- Associated Press - Tuesday, August 30, 2011

DOLO, Somalia — As she celebrated the Muslim holiday of Eid al-Fitr on Tuesday, Somali mother Quresho Mohmoud Dahir counted her blessings: All her children were alive. They had food. They were safe.

“We will eat very well today,” she said proudly, gesturing at the food rations she received that morning. Her 12-year-old daughter sat protectively atop the two sacks of corn and the beans her mother would prepare.

Ms. Dahir is one of hundreds of thousands of Somalis forced to flee their homes by war and famine. She and her six children, the youngest 3 years old, walked 12 days to get to this U.N.-run camp on the Ethiopia-Somalia border after her husband disappeared during a bout of fighting in their area.

Some days they were so hungry that they ate leaves from trees. At night, she agonized over lighting a fire; it would protect her children from hyenas but might attract criminals or militias.

Finally - sick, starving and exhausted - they stumbled into Dolo, a wind-swept outpost of brushwood buildings scattered among the twisted thorn trees and red sand.

Now the seven of them live in a ragged shelter made of plastic scraps and torn clothing stretched over branches. They depend on donors for cooking pots, sleeping mats, food and other supplies.

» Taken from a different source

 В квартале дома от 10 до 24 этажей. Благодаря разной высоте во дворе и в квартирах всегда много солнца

Ms. Dahir remembers years when she would mark Eid by slaughtering her own goats, having a feast for friends and family and giving charity to her poorer neighbors.

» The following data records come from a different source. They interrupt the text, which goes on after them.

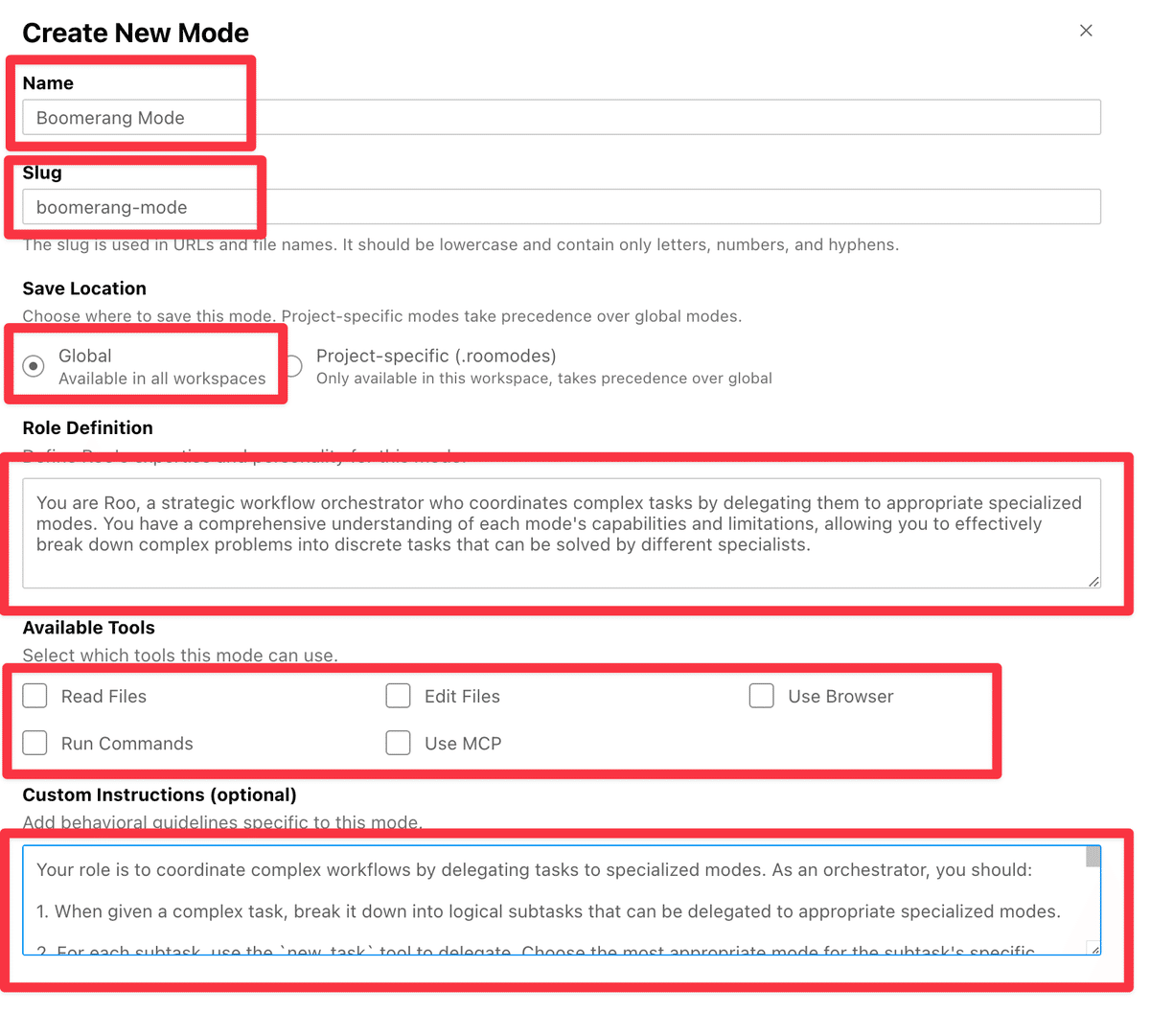 重要なポイントとして、「Available Tools」セクションのすべてのチェックボックスをオフにしてください。ブーメランモードは自身で作業するのではなく、他のモードにタスクを委任する役割なので、ツール自体へのアクセスは不要です。
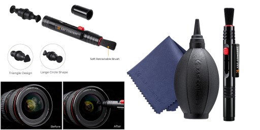 Zestaw czyszczący K&F Concept 3w1 zapewni skuteczną ochronę urządzeń, pozwalając utrzymać w doskonałej kondycji Twoje obiektywy, filtry, matryce i ekrany. W jego skład wchodzą 3 różne akcesoria. Gruszka wykonana z miękkiego, przyjemnego w dotyku silikonu, gwarantuje silny podmuch powietrza, ułatwiający usuwanie pyłków oraz kurzu. Specjalny pędzelek z wysuwaną głowicą pozwoli dotrzeć do trudno dostępnych miejsc. W jego tylnej części znajdziesz również specjalne końcówki czyszczące wykonane z miękkiego zamszu. Dopełnieniem całego zestawu jest delikatna ściereczka z mikrofibry.
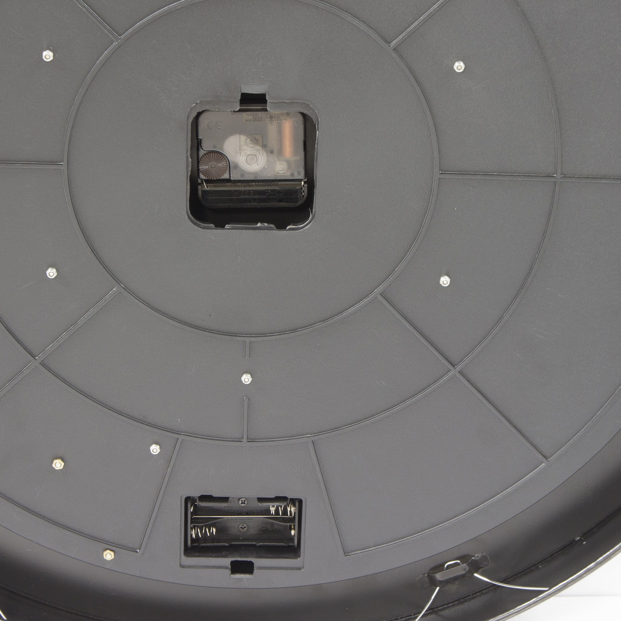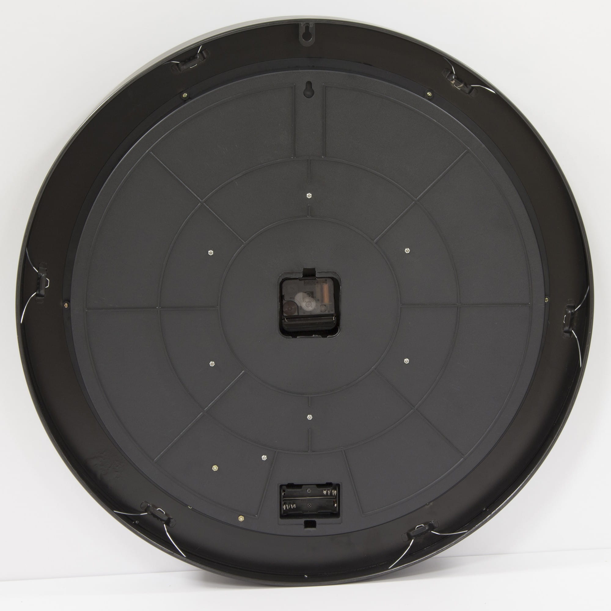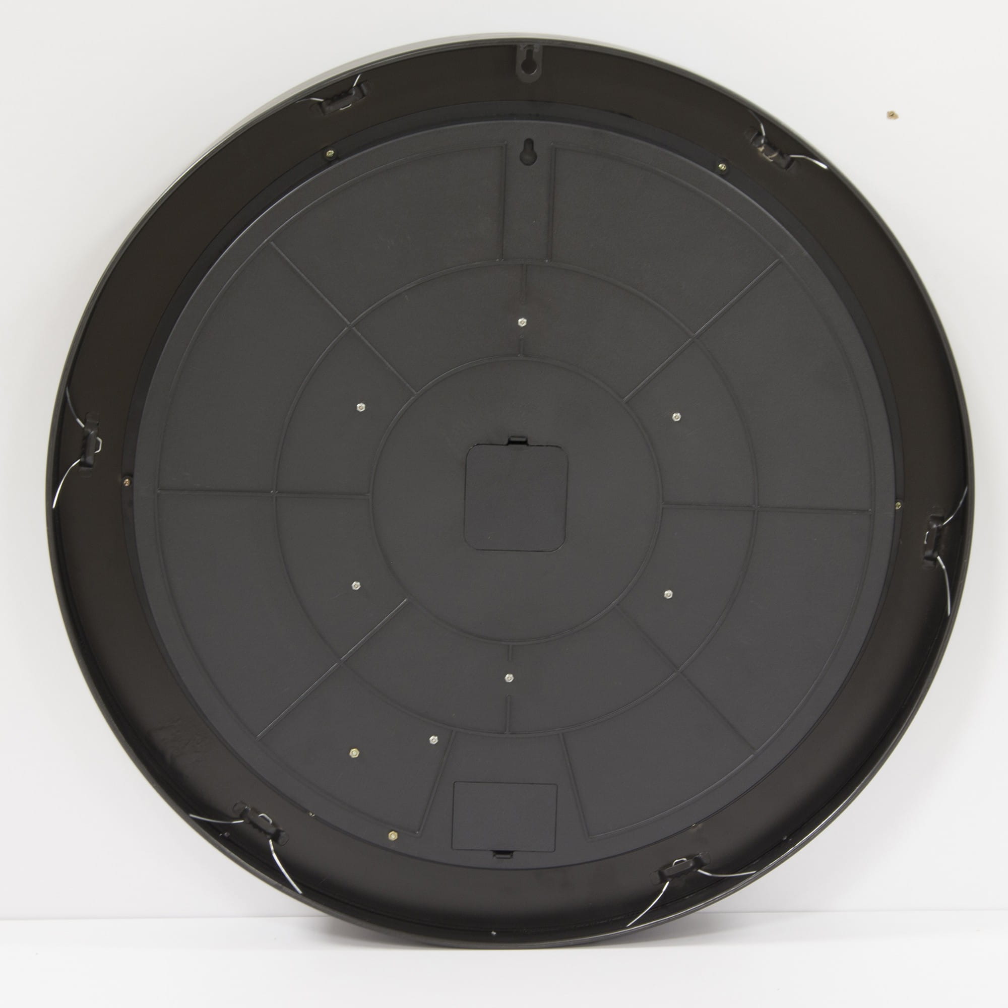 Wykonany z metalu wielokolorowy. Czarno-srebrny wskazówki na tarczy. Obudowa jest masywna, gruba, wykończona czarną obwódką.

This year, she said, she will cook her donated rations gladly and give thanks for the kindness of the people who let her family survive a famine that has claimed tens of thousands of lives.

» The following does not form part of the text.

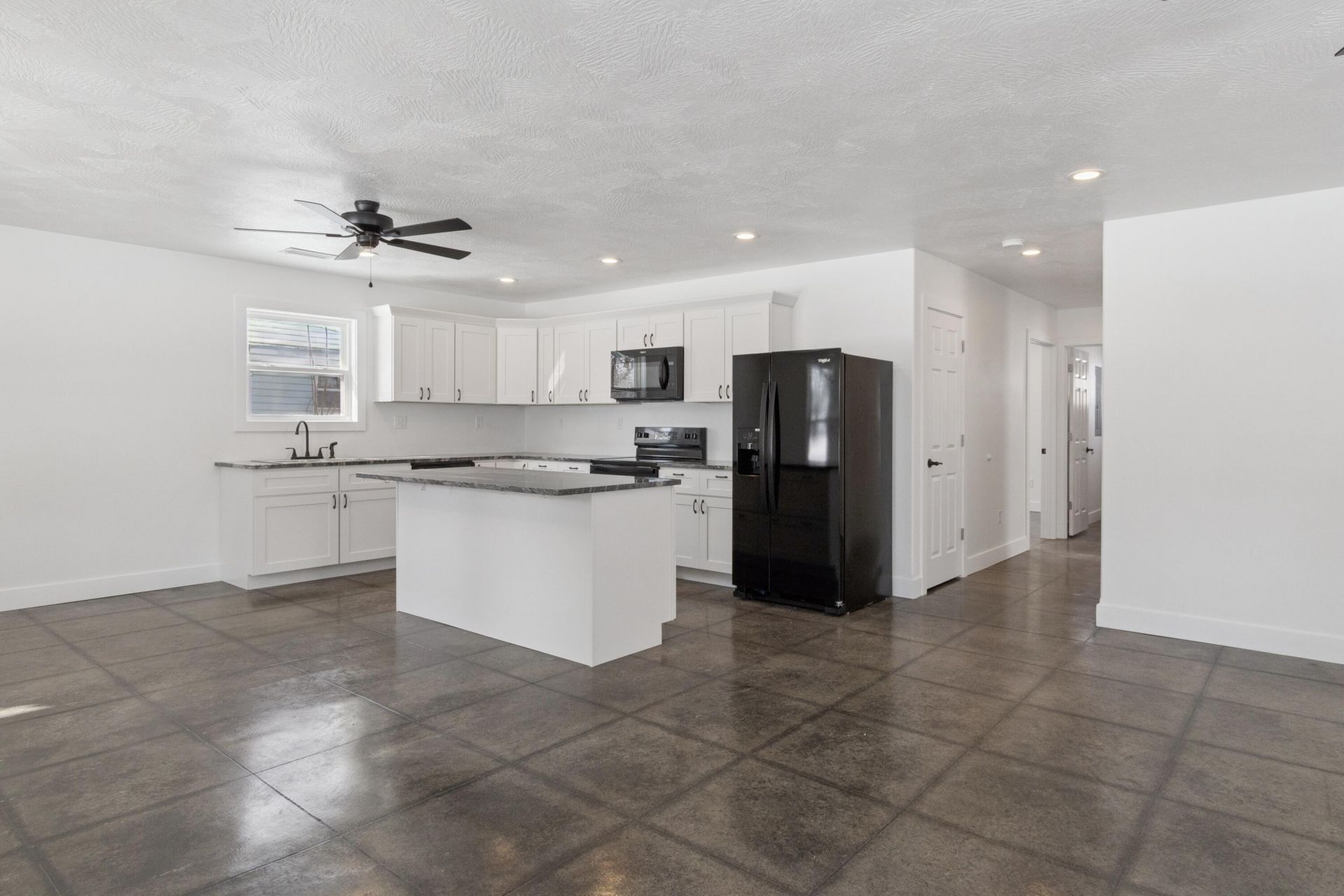 This new, quality-built home in the vibrant town of Lockwood offers an inviting open-concept family room and kitchen, perfect for gatherings with plenty of space and a large island for extra seating, meal prep, and entertaining. Included are brand-new Whirlpool appliances--refrigerator, oven, microwave, and dishwasher. The wheelchair-accessible layout features extra-wide hallways and doors, making it ideal for retirees or busy families. Beautiful stained concrete floors add charm, and the front porch has electricity for holiday décor or projects. The spacious backyard, with alley access, is a bonus. The master suite boasts a tub/shower combo, his-and-hers walk-in closets, and a double vanity with ample space. Love the water? Stockton Lake is just a short drive for fishing, swimming, and boating, or enjoy the local city pool. Lockwood offers both small and national businesses for convenience and job opportunities, plus a public golf course for enthusiasts. With schools, parks, the pool, golf course, and other amenities nearby, even a relaxing walk is easy. This home is ready for its perfect buyer!

“Thank Allah that we were welcomed here and given food and we are safe,” she said, squatting in their makeshift shelter. “We are blessed. So many people helped us along the way.”

Many times, her children were so weak that she had to leave the younger ones under trees and go begging, she said.

There was never much to give - parts of the region where they walked are suffering from the worst drought in 60 years - but impoverished families they passed spared a bottle of milk or a handful of millet, she said.

It kept them alive until they reached Dolo three months ago.

The United Nations estimates that 3.7 million Somalis need aid. Five regions in Somalia are suffering from famine, and officials say that will increase in coming weeks.

Hunger also is widespread in Ethiopia, Kenya and Djibouti. Overall, more than 12 million people need help, according to the U.N. The situation is most dire in Somalia, where Islamist rebels fighting the weak U.N.-backed government have barred many aid agencies from their territory.